The Mexican axolotl (Ambystoma mexicanum) is a critically endangered species and a fruitful amphibian model for regenerative biology. Despite growing body of research on the cellular and molecular biology of axolotl limb regeneration, microbiological aspects of this process remain poorly understood. Here, we describe bacterial 16S rRNA amplicon dataset derived from axolotl limb tissue samples in the course of limb regeneration. The raw data was obtained by sequencing V3–V4 region of 16S rRNA gene and comprised 14,569,756 paired-end raw reads generated from 21 samples. Initial data analysis using DADA2 pipeline resulted in amplicon sequence variant (ASV) table containing a total of ca. 5.9 million chimera-removed, high-quality reads and a median of 296,971 reads per sample. The data constitute a useful resource for the research on the microbiological aspects of axolotl limb regeneration and will also broadly facilitate comparative studies in the developmental and conservation biology of this critically endangered species.

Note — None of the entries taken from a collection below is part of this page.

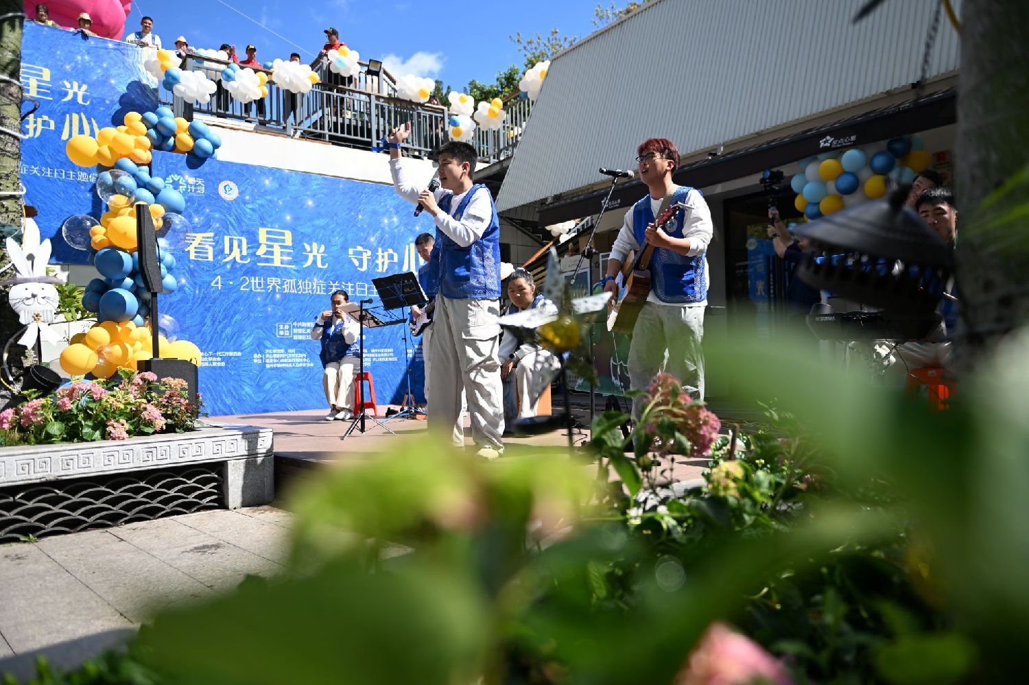 “速度七十迈,心情是自由自在……”4月1日,在福建省福州市鼓楼区一家名为“星点心愿”的茶咖饺子店里,患有孤独症的青年江宇森抱着吉他自信弹唱,歌声清亮。店内蓝色气球摇曳,一场为迎接4月2日世界孤独症关注日举办的主题倡导活动,让这群“星星的孩子”再次成为温暖焦点。
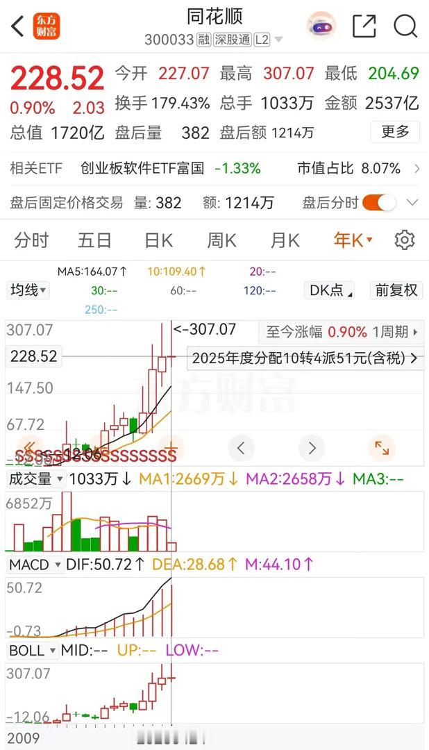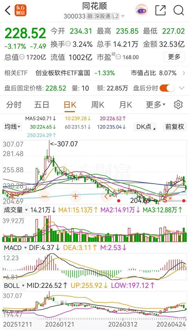 同花顺周五同样也是低开跳水后在低位横盘,收盘时跌了3.17% ,报价228.52元。在资金流向上,连续四天被主力资金净卖出,本周的合计净卖出金额约为9.5587亿元。从走势上看,连续两天的持续杀跌,暂时已经破坏了之前的上涨结构。在业绩方面,一季报显示,公司实现营业总收入10.53亿元,同比增长了40.81%;归母净利润2.56亿元,同比增长112.58%;扣非净利润2.5亿元,同比增长122.58%。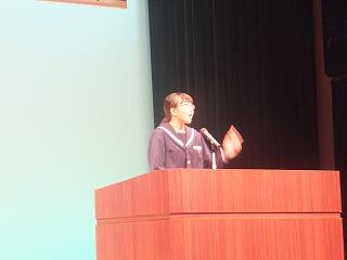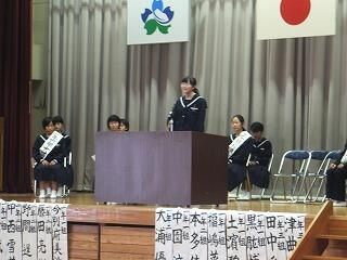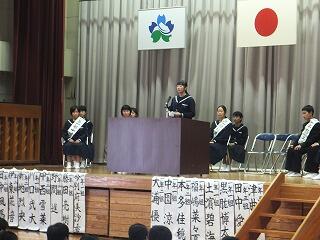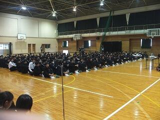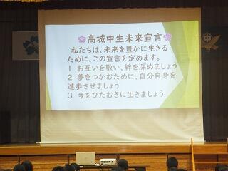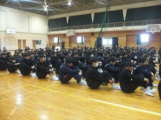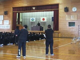 1月17日(金)は、体育館で生徒集会を行いました。はじめに女子ソフトテニス部の女子1ペアが地区対抗予選大会で3位入賞を果たし、表彰されました。次に、生徒全員で高城中生未来宣言を朗読し、生徒会役員、専門委員会正副委員長が今年1年間の活動について抱負を述べました。各種行事のリーダーとなり、生徒会員の力をまとめ、高城中の伝統を築いていってくれることを約束してくれました。そのあとは、高校入試が迫ってきている3年生に、1・2年生全員でエールを送りました。3年生が自分の力を十分発揮して、合格してくれることをみんなで応援しています。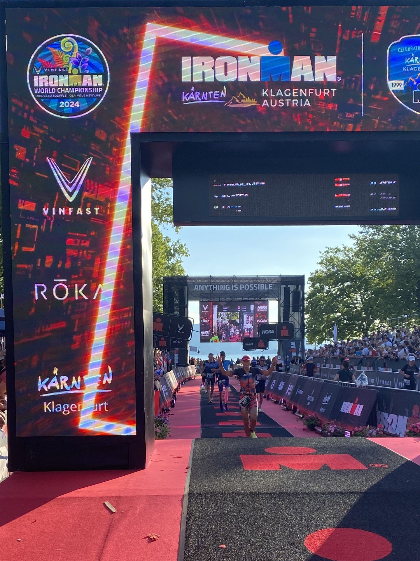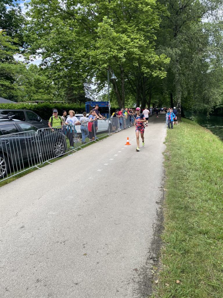Ab in die Wechselzone und die Radschuhe mit den Laufschuhen tauschen. Aufgrund der Temperatur entscheide ich mich, mein Trikot anzulassen. Ich gehe als erste Frau in meiner AK mit einem Vorsprung von circa 18 Minuten auf die Laufstrecke. Nach dem ersten Kilometer geht es mir nicht so gut, ich fühle mich schlapp. Das kenne ich überhaupt nicht von mir. Anscheinend habe ich auf dem Rad nicht ausreichend gegessen. Normalerweise kann ich nach dem Rad direkt ohne Probleme los laufen, dieses Mal habe ich Probleme. Ich entscheide mich bis zur ersten Verpflegungsstelle Gehpausen einzulegen. An der ersten Verpflegungsstelle bin ich vorbei gelaufen, keine Ahnung weshalb. Das ist Wettkampf, da passieren solche Dingen. Bei der 2. Verpflegungsstelle nehme ich mir etwas Zeit und esse und trinke ordentlich. Danach geht es mir viel besser. Nach den ersten 10 Kilometern konnte ich meinen Vorsprung auf die Zweite bereits etwas ausbauen. Ich halte bei jeder Verpflegungsstelle an und nehme Flüssigkeit bzw. Gel zu mir. Der Vorsprung wird immer größer. Werner hält mich auf dem Laufenden. Ab circa Kilometer 32 habe ich Probleme mit der Verpflegung. Ich kann nichts mehr aufnehmen, mein Magen rebelliert. Ich entscheide spontan, dass ich es mit Cola probiere. Die Strategie geht auf, mein Magen rebelliert nicht mehr. Da ich bereits einen Vorsprung von über 45 Minuten auf den letzten 10 Kilometern habe gehe ich auf Nummer sicher. Ich nehme nur noch Cola zu mir und lege die ein- oder andere Gehpause ein. Ich bin zuversichtlich als Erste ins Ziel zu kommen. Bei Kilometer 39 bin ich schon leicht euphorisch, laufe jedoch weiter verhalten. Kein unnötiges Risiko eingehen. Bei Kilometer 41 fange ich an innerlich zu jubeln. Auf dem letzten Kilometer sind alle Probleme vergessen, es geht in Richtung Ziel. Der Zieleinlauf ist für jeden Athleten etwas Besonderes. Direkt im Ziel wartet bereits Werner auf mich und überreicht mir die Finisher Medaille. Das ist ein toller Moment. Natürlich habe ich, wie immer, vergessen auf meine Endzeit zu schauen. Wichtig für mich ist, ins Ziel zu kommen. Natürlich freut man sich, wenn dann noch eine gute Zeit bzw. Platzierung raus komm. Den Marathon bin ich in einer Zeit von 4:13:33 gelaufen. Meine Gesamtzeit beträgt 11:51:30 Stunden. Wahnsinn, ich bin total begeistert mit dieser Zeit gefinisht zu haben. Die Zweite in meiner AK kommt erst 1:17 Stunden nach mir ins Ziel. Es ist toll wieviel Zeit ich noch rauslaufen konnte. Es war wieder ein tolles Erlebnis in Klagenfurt und ich bin dankbar bei diesem Jubiläum dabei sein zu können. Nach dem Wettkampf gibt es noch eine Woche Urlaub und Erholung, danach geht der Focus auf die Weltmeisterschaft in Nizza.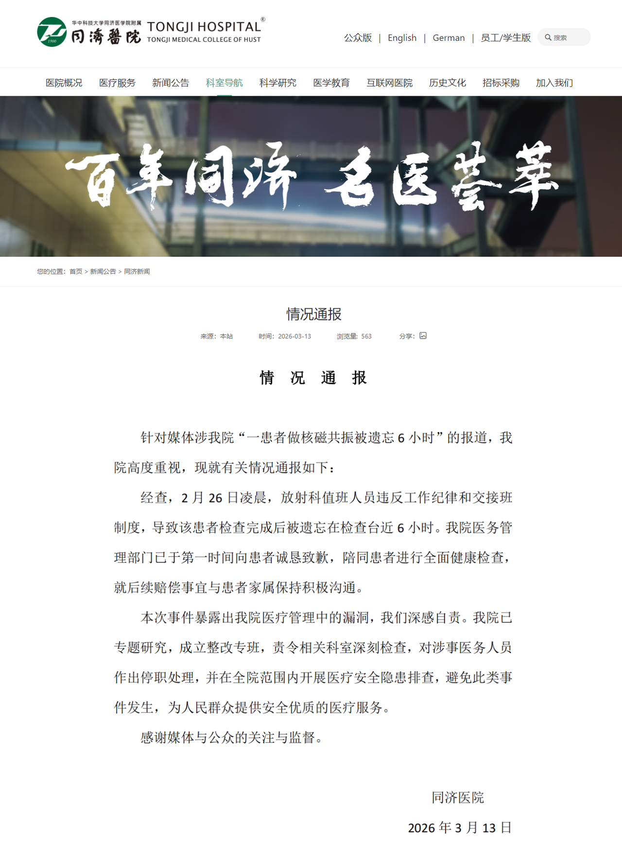 3月13日,华中科技大学同济医学院附属同济医院发布通报: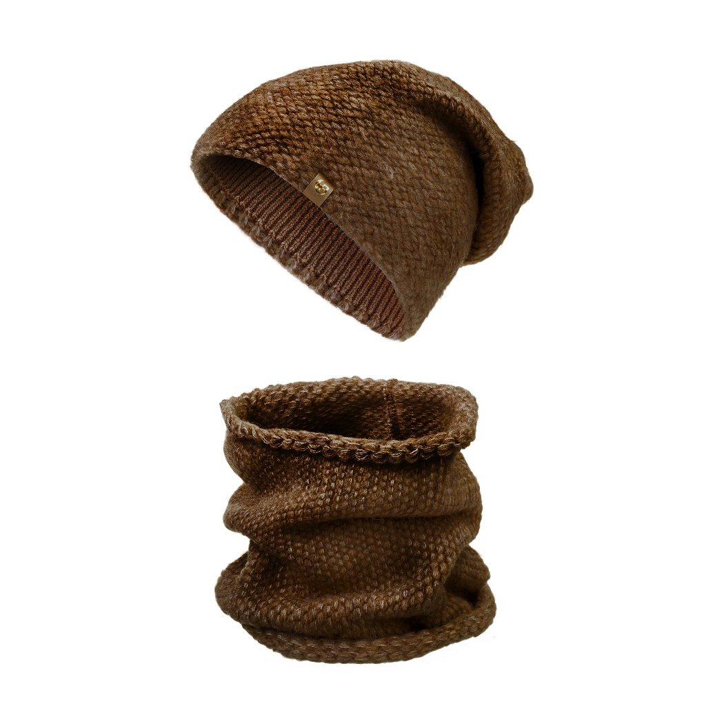 Set de iarnă pentru femei WROBI - căciulă și fular tip tunel, culoare maro închis
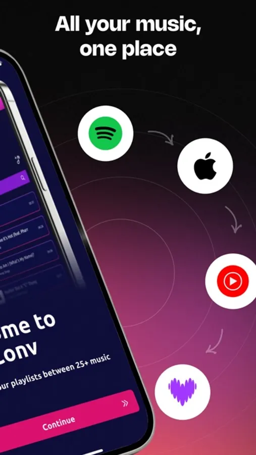 MusConv makes transferring playlists and syncing your music across all major streaming platforms fast and effortless. Whether you're switching from Spotify to Apple Music, Apple Music to Spotify, or organizing tracks across TIDAL, Amazon Music, YouTube Music, or SoundCloud — we ensure a seamless, stress-free experience.

|Design Type(s)||time series design • organism development design|
|Measurement Type(s)||rRNA 16S|
|Technology Type(s)||DNA sequencing|
|Factor Type(s)||biological replicate • temporal_interval|
|Sample Characteristic(s)||Ambystoma mexicanum • limb • laboratory environment|
Machine-accessible metadata file describing the reported data (ISA-Tab format)
Background & Summary
Urodele amphibians are promising vertebrate model organisms to study regeneration due to their astonishing capacity of tissue repair and renewal. Of these amphibians, Mexican axolotl (Ambystoma mexicanum), a critically endangered species1, is one of the few adult animals capable of complete and functional regeneration of missing body parts throughout its life2. Axolotl can regenerate their extremities including limbs3, tail4, brain5, spinal cord6 and internal organs7 during larval and adult stages. Despite growing publicly available resources for cellular and molecular research on axolotl regeneration8,9 (e.g. transcriptome3,10,11,12,13,14, proteome15,16, and genome data17), the axolotl microbiome data remain scarcely available, which hinders comprehensive interpretation of the accumulating data in this field. As an initial effort to bridge this knowledge gap, we recently reported first multi-organ microbiome profile of axolotl at neotenic and metamorphic stages18. However, longitudinal profiling of microbial communities in the course of axolotl limb regeneration has not been reported before. Here, we describe bacterial 16S rRNA amplicon datasets derived from axolotl limb tissue samples in the course of limb regeneration.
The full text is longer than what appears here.